Everyday life in Gene Roddenberry's Utopia
I'm re-posting this because it somehow got posted in the wrong forum.---RW
As an avid and longtime Trekker, I have often wondered what the average person back on Earth is doing while brave people like Jim Kirk, Jean-Luc Picard and the other incarnations of Gene Roddenberry's Starfleet nobly expand the borders of the Federation and the limits of knowledge.
I'll tell you what they're doing: they're sleeping all day, getting up at 4pm and cracking open another bottle of Romulan Ale (yes, it's illegal, but what the hell.....) and getting bombed, or shooting up with Denebian Whacky Cracky.
Gene Roddenberry was a devout liberal, and envisioned a future with "no greed, no hunger". There was no need for money, as technology had advanced to the place where there was enough of anything for anybody. Nobody needed to work because nobody needed money; all they had to do was go to the replicator and ask for whatever they wanted, and it would be made for them right there and then. Of course, who built the replicator and how they were paid for their effort was never explained.
There was plenty of food, since any schmoe could simply stagger over to the food slot and say "I'll have a 20-ounce prime rib, medium rare, three lobster tails infused with butter and some truffles," and it would appear.
The main thing wrong with Roddenberry's vision of this future is that, if you remove hunger and greed, you've pretty much removed any motivation for humans to do pretty much anything. Those two things have been the engines behind a lot of history, good as well as bad. What he saw as a Utopia of plenty would actually be a technology-driven and based welfare state.

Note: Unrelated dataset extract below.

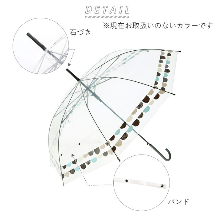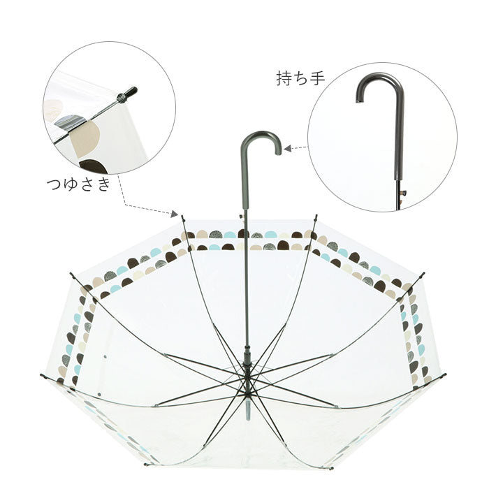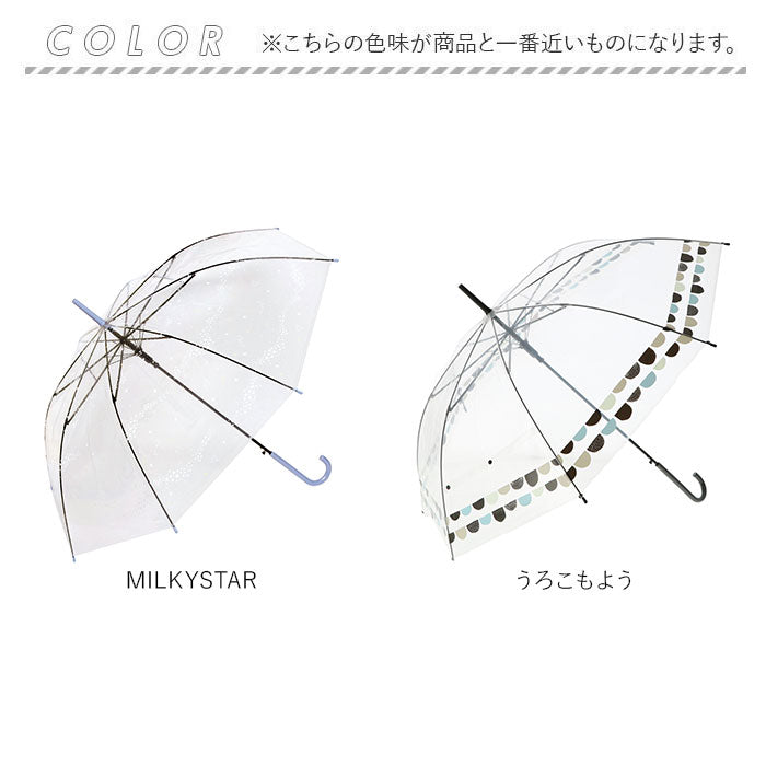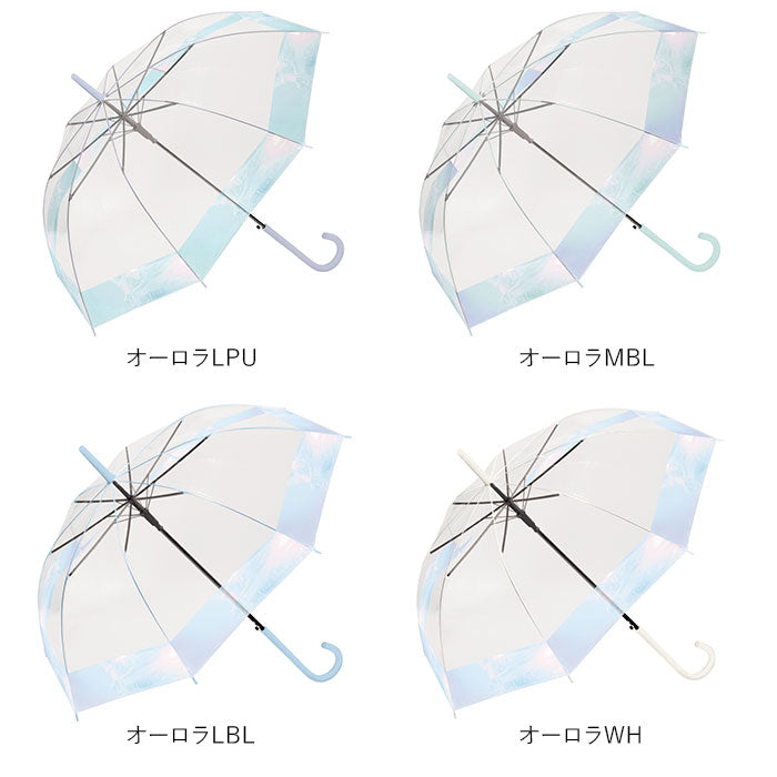 ・傘生地には透明なポリエチレン素材を使用。星柄や光沢のあるオーロラなど、憂鬱な雨の日も楽しい気分になれるデザインをラインナップ。

Roddenberry, as a stereotypical, and very hedonistic, I might add,liberal, saw a future where people, no longer having to work, just sat around reading poetry or the works of Shakepeare, or somehow found motivation to dedicate their lives to the betterment of humanity because there was no longer any need to struggle (of course, if there were no longer any need to struggle, what would be the point of dedicating your life to its aleviation?) . Those of us who are realists can clearly see that anything as efficient and disciplined as a Starfleet or Federation could never actually grow and be sustained in such an environment. No one, having no reason to get out of bed in the morning other than to sit in the sun and revel in life itself, is going to be motivated to do much of anything. Period. We can see this for ourselves in those who make a living from playing the welfare system. If you hand them free food and money, you take away their desire to do more than get stoned or drunk and lay around doing nothing.
One thing that always struck me as odd was the dichotomy in the tastes of the heroes in Trek.
They lived in a society where everything was instantly manufactured for them by machine, yet both Kirk and Picard, especially, favored antique this and hand-crafted that. Why should they so appreciate these things, created from the sweat and struggle of someone for whom such things were a way of life, when that was clearly not the right way of thinking? Isn't it better that no one has to work anymore? No one has to get out of bed to get to a job on time to simply be exploited and made to work to produce things instead of being able to do as they wished? Welcome to Roddenberry's future.
The future is now, people. You just have to be able to play it right.